I asked about compensation both at Brussels and London, and was told that because the cause of the delay was industrial action with which Eurostar was not connected, no compensation would be given. I emailed the company when I got back, and although I was again denied any compensation, I was given a different reason: that the train wasn't over an hour late, which either depends on a perverse understanding of what it is for trains to be late, where trains are late by the amount they are delayed when they leave, not when they arrive, or is simply false. I emailed them again, and politely got told to bugger off again. Eurostar aren't going to give me compensation, basically, and having read their conditions of carriage, under their conditions of carriage, which I presumably must have accepted when I bought the tickets, I'm probably not entitled to it. It doesn't make me feel any better about it though, that they came up with two different reasons for doing so, one of which was more or less a blatant lie. Likewise, it's hardly a sweeping endorsement of their customer care policy that it seems to amount to a blank refusal to compensate at all unless the Chief Executive, giggling maniacally and stroking his big fluffy white cat in a disturbingly suggestive manner as he does so, orders that trains be delayed so that he can experience the visceral thrill of his limitless power. I say seems because all that I can work out from the conditions of carriage is when they won't compensate, and I can't find the compensation policy referred to in them on the website, which, being suspicious and somewhat vindictive, I feel justifies me in conjuring up James Bond villians for my own and hopefully public amusement.
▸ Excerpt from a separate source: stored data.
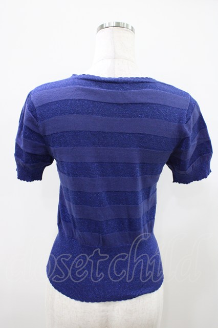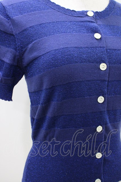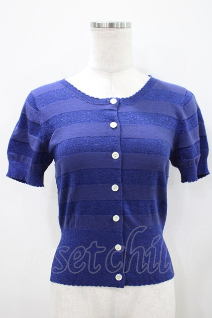 Emily Temple cute / ラメボーダー半袖カーデ ブルー H-25-10-11-030-ET-TO-KB-ZH [2100030000074457-H-25-10-11-030-ET-TO-KB-ZH]
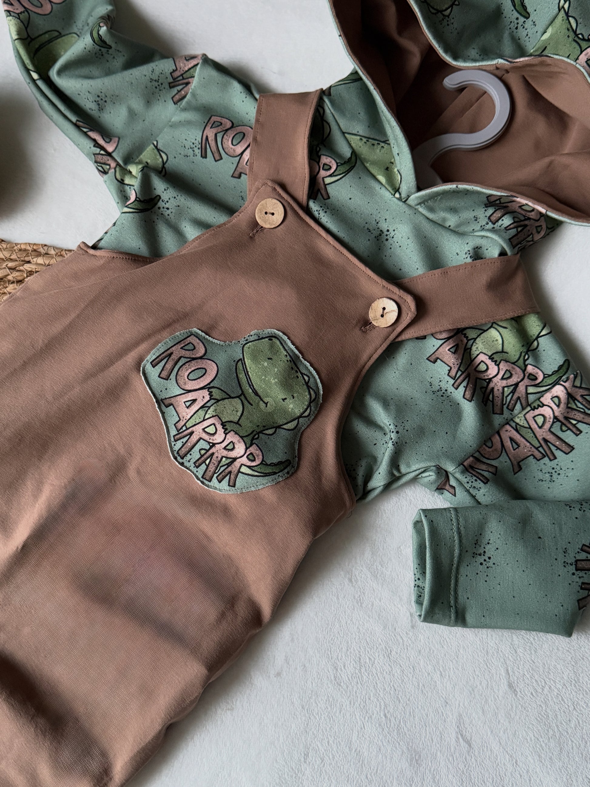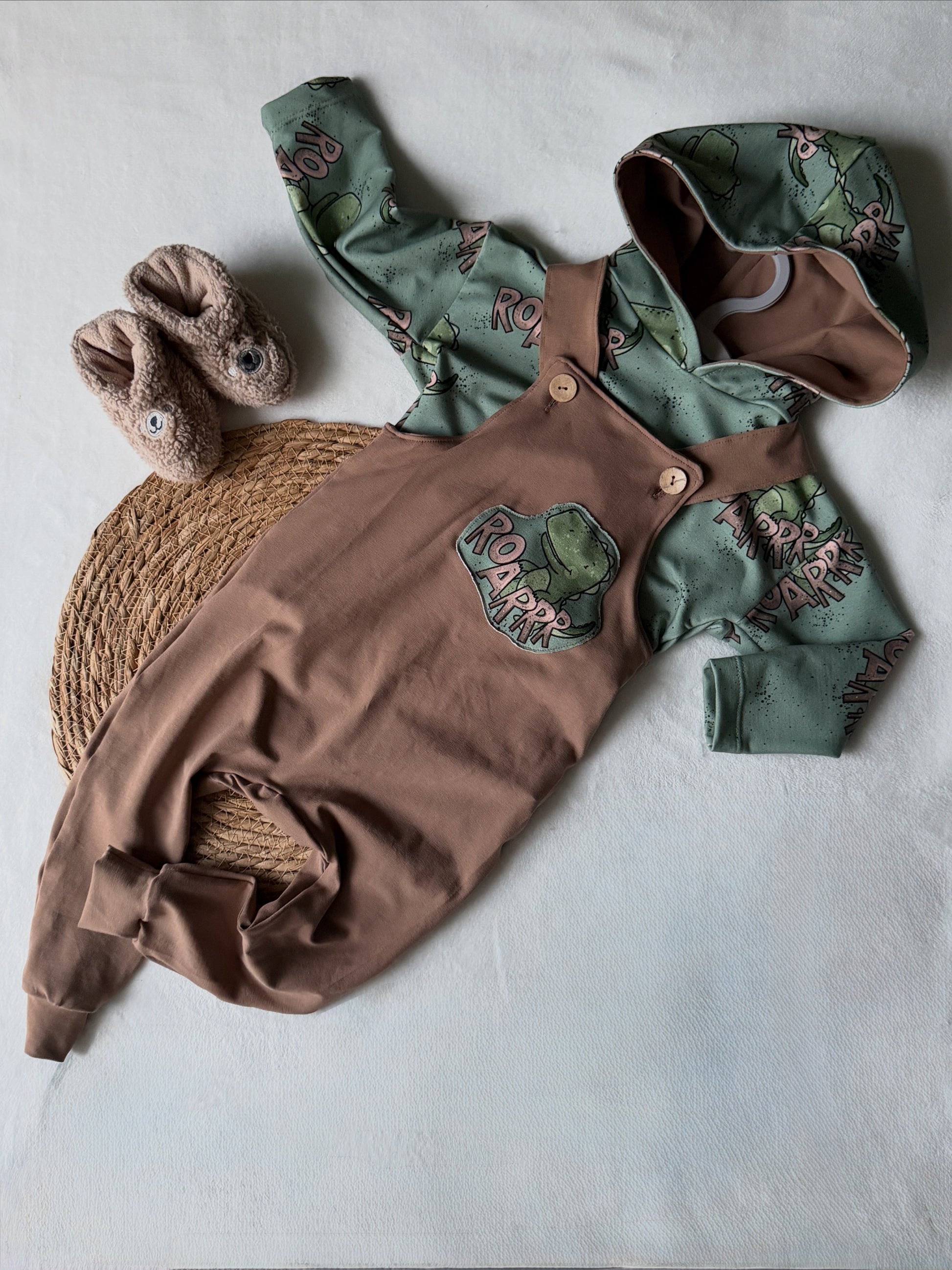 das Kapuzenshirt ist auf einem French Terry (95% Baumwolle; 5% Elastan) und die Latzhose aus einem Jersey (95% Baumwolle; 5% Elastan)
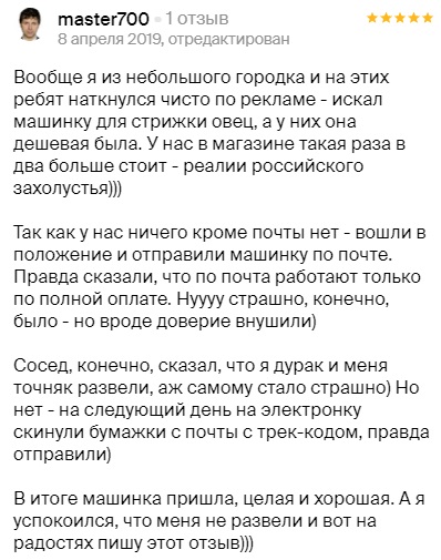 Но не мы! Мы отправляем с оплатой при получении 95% своих заказов.
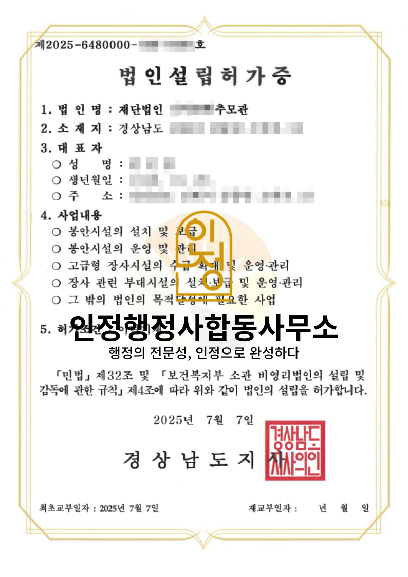 25년 7월_장사재단법인 설립 대행 완료(봉안시설)
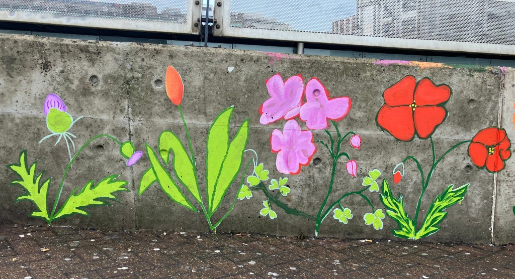 In April 2025, Angela Vanegas began to record the wild flowers she saw while walking in the ECCO area, so that a selection of them could be depicted in a mural on Billinton Hill. The wall is divided into concrete blocks, reaching from the eastern entrance into the station to the bicycle racks. The mural is still a work in progress, but here are some of the species depicted (identified by a local botanist) block by block. The design was created by Yvonne Tran, who has also done much of the painting (assisted by local people) https://eastcroydon.org.uk/2025/11/15/work-continues-on-the-mural-on-billinton-hill-croydon/

So, a warning. Although I really like Eurostar's service when it runs smoothly, and have in the past chosen it over flying - don't get me started on flying, and particular, f*cking airports, places whch make supermarkets on Saturday mornings look like palatial, genteel institutions of unruffled mutual beneficience - on more than one occasion, I won't do so again, and would urge others to do likewise, because Eurostar doesn't care about you. As long as they didn't deliberately bugger you about themselves, they're going to deny that they have any responsibility to compensate you for their failure to deliver the service you paid for, and even if they did, it's only if you're actually over an hour late that they'll do anything. I think that's fairly crap, especially when compared with what BA did when they were crippled by secondary picketing, by people who weren't their staff, in support of strikers involved in a dispute which, again, had little to do with them, which was to give everyone their money back. It's not earth-shattering, it's not particularly serious, and it probably won't make any difference to Eurostar at all, but it strikes me that the main reason that BA did give compensation was because of the poor publicity they would have got in the event that they didn't, so it seems sensible to think that Eurostar might respond in much the same way. On, and pre-emptively, I warned them that I'd publicize my displeasure were they to fail to assuage it.